Researchers at the Department of Ophthalmology, at the University of Milan, have published the largest molecular study of Italian patients with RP in the literature. The research recruited a total of 591 probands over an 8-year period showing that there were 315 patients with a family history (53.3%) and 276 sporadic cases (46.7%). While the research community knows that there is no definitive treatment available to date, there are huge strides for the development of several gene-targeted treatments. In addition, the collation of data is critical to manage RP assessment, genetic counselling, and building valuable recruitment cohorts in preparation for pending clinical studies.
As of today’s date, inherited retinal degenerations (IRDs) have identified 271 genes causing retinal disease, comprising >12,000 mutations catalogued in the literature. IRDs include Retinitis Pigmentosa (RP), Leber congenital amaurosis (LCA), cone/cone-rod dystrophy (CD/CRD), congenital stationary night blindness (CSNB), and the syndromic ciliopathies of Alström syndrome, Bardet-Biedl syndrome (BBS), Joubert syndrome (JBS) and Usher syndrome (US). RP is genetically heterogeneous and may be transmitted by autosomal dominant (AD), autosomal recessive, (AR), X-linked (XL), di-genic, polygenic and mitochondrial patterns of inheritance. RP has a typical worldwide prevalence of 1/4,000, ranging from 1.7/10,000 to 3.3/10,000 in European studies, while there are higher frequencies of RP in southern and central India, northern China and the United States Navajo Indians. As commented by the researchers in their study, “the clinical implications of achieving molecular confirmation of RP are multi-fold. As phenotypic differentiation with respect to other partially overlapping hereditary retinal dystrophies can be difficult in specific circumstances, molecular testing may help classification and prognosis in cases with known genotype-phenotype correlations. Molecular confirmation of the inheritance pattern is also crucial for appropriate genetic counselling and identification of carrier or pre/oligosymptomatic relatives”.

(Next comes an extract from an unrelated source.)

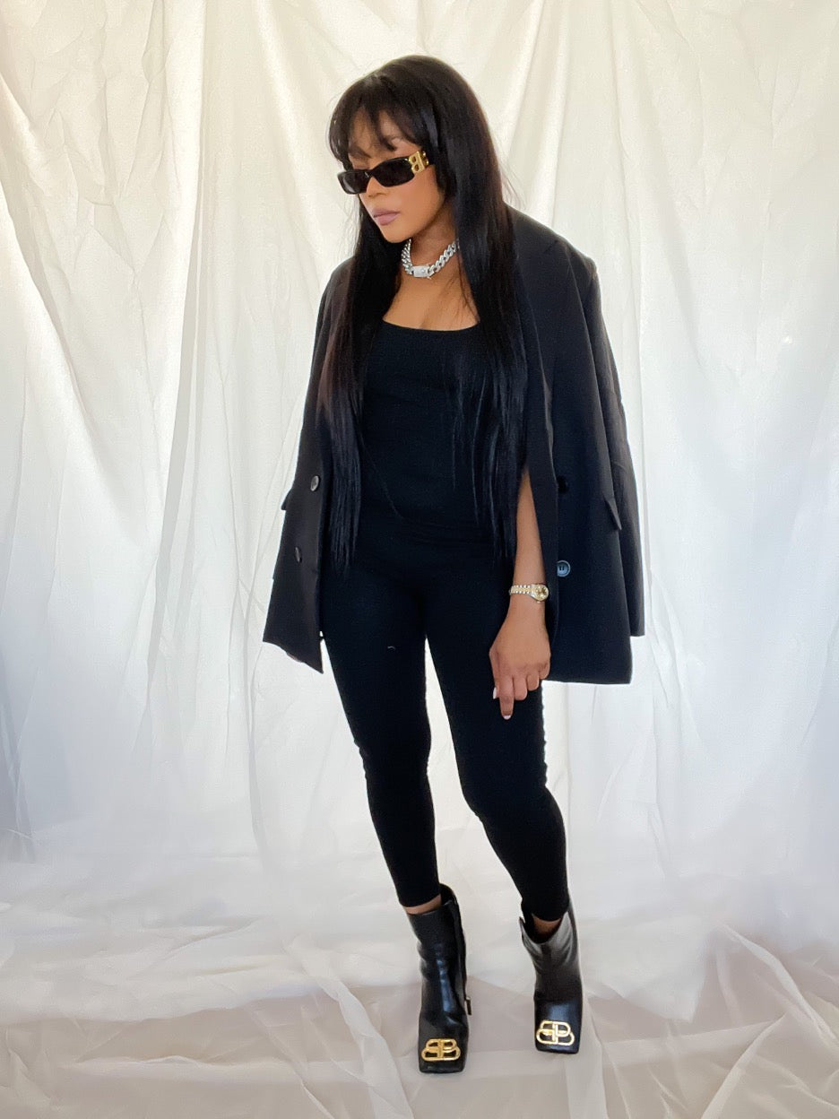 A closet Staple. We all need a basic cami jumpsuit in our closet, wear it alone or style it with other items and take it from basic to chic.
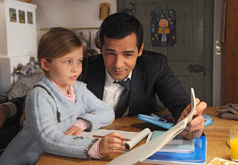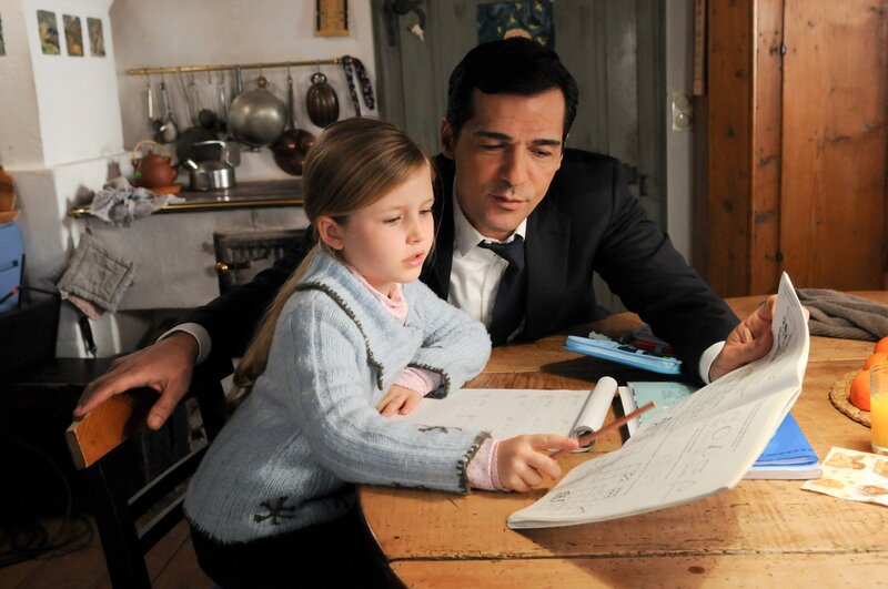 Der alleinerziehende Vater Martin Haller (Erol Sander) kümmert sich um die Hausaufgaben seiner Tochter Katrin (Elisabeth Thomashoff).Bild: © ARD Degeto/Mona Film/ORF/Oliver Roth

The current research collected both clinical and genetic data from the 591 probands and compared differences between presumed inheritance based on observation, and a diagnostic yield of cases with family history and the prevalence of RP inheritance patterns. The results of the study showed a mean diagnostic yield of molecular testing among patients with a family history of retinal disorders of 55.2%, and sporadic cases among patients of 37.4%. For this Italian cohort, the average age of onset of the different classes of RP were autosomal dominant RP, 19.3 ± 12.6 years; autosomal recessive RP, 23.2 ± 16.6 years; X-linked RP, 13.9 ± 9.9 years and Usher syndrome, 18.9 ± 9.5 years. Slight differences of proportions for the inheritance differences, compared against comparable data in the international literature, are likely due to differences in the context of genetic background, patient selection bias (assessing severe cases), or heterogeneity in clinical information but the overall picture was consistent to other international studies. A summary of the breakdown showed that AD-RP had 10% of the cohort, AR-RP for 16%, XL-RP for 4%, Usher for 7%, and unsolved were reported for 63% of the cases. In conclusion of their study, researchers commented that “it is only a matter of time before new gene therapies become available. Genetically solved patients will have the advantage of being quickly eligible for clinical trials or access to pharmacologic treatment”.